Challis and Ellen heard later from Scobie Sutton and the Mornington detectives that the surgeon and the funds manager had displayed plenty of genuine shock, dismay and outrage, so it was clear they hadn’t been tipped off by Robert McQuarrie. After the outrage had come shame and fear. They asked to be understood; they asked that their wives be spared the truth. The surgeon had attended the sex parties with his sister-in-law, the funds manager with his secretary. Their alibis were solid, and they confirmed that yes, they’d received photos of themselves in the post on Monday: no accompanying note, but, like Robert McQuarrie, they’d assumed someone at the Progress had sent the photographs and were fearful of blackmail and media exposure.

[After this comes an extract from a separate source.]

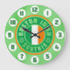 Boston Irish American Southie Clock. Cirkelformgivning i orange och grönt med texten Boston Irish Southie och Celtic knots motifs.
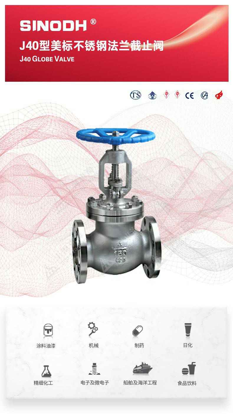 J40型美标不锈钢截止阀,为长春振华旅游电子商务有限公司自主研发生产。本产品的设计制造符合美国国家标准ANSIB16.34,美国石油学会标准AP1 6D和AP I 600要求,产品结构紧凑密、刚性好、封性性能优秀是一种最常见的启闭阀,利用闸板的上下工作来接通(全开)和截断(全关)管道中的流体介质。

The accountant was a different kettle of fish, nothing like Robert McQuarrie, the surgeon or the funds manager. His name was Hayden Coulter and he lived alone in a rammed-earth loft house on a slope above Penzance Beach. The driveway was narrow and the turning circle awkward, so Challis did what he always did in unfamiliar places and unknown circumstances-parked the car so that it faced the road and allowed him and Ellen an unimpeded escape route.
Coulter greeted them at the door wearing a shirt and tie, trousers and carpet slippers. His face was clean and tight from the razor and there were comb tracks in his shower-wet hair. About forty, Challis guessed, and used to playing his cards close to his chest. He regarded them expressionlessly, invited them in out of the cold.